Broadcast Music, Inc. (BMI) will file a submission tomorrow (Aug. 6) in response to the Antitrust Division of the U.S. Department of Justice’s request for public comments as part of its review of BMI’s consent decree. According to BMI, the consent decree that BMI operates under restricts the company to a model that no longer reflects the current needs of songwriters, publishers and music users.
“The time has come to modernize the BMI consent decree. We appreciate the U.S. Department of Justice’s solicitation of public comments as part of the modernization process,” said Michael O’Neill, BMI President & CEO. “Our goal is to better serve our affiliates and music users, and the DOJ’s request facilitates an industry-wide open dialogue needed for critical reforms.”
BMI’s submission to the DOJ outlines three important updates to the consent decree:
- Digital Rights Withdrawal: Allow publishers to give BMI the right to license works for certain uses, while permitting publishers to retain the exclusive right to license works for other defined, digital uses. This move would allow BMI to offer access to its repertoire for many traditional music uses, while enabling publishers and music users to negotiate their own free-market digital deals.

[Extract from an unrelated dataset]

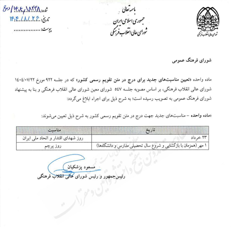 ماده واحده تعیین مناسبتهای جدید برای درج در متن تقویم رسمی کشور که در جلسه ۹۲۲ مورخ ۱۴۰۴/۰۷/۲۲ شورای عالی انقلاب فرهنگی بر اساس مصوبه جلسه ۵۴۷ شورای معین شورای عالی انقلاب فرهنگی و بنا به پیشنهاد شورای فرهنگ عمومی به تصویب رسیده است؛ به شرح ذیل برای اجراء ابلاغ می گردد:

- Bundling Rights: Clarify the decree to allow BMI to license not just the public performing right, but any rights relating to the musical work that a music user needs to bring its product or service to the public. This will create a “one-stop” licensing source to meet the needs and match the pace of the digital marketplace.
- Arbitration: Move the rate-setting forum from federal court to a binding arbitration model. Music users will be assured of a rate-setting mechanism to resolve disputes, but one that’s quicker and less expensive for all parties.
“Our proposed modifications to the decree will benefit not only our affiliates but the rights marketplace in general,” said Stuart Rosen, BMI Senior Vice President and General Counsel. “While we feel that there are additional important modifications necessary to modernize the decree, the proposals in today’s filing are the most urgent and, we believe, need to be addressed on a faster timetable.”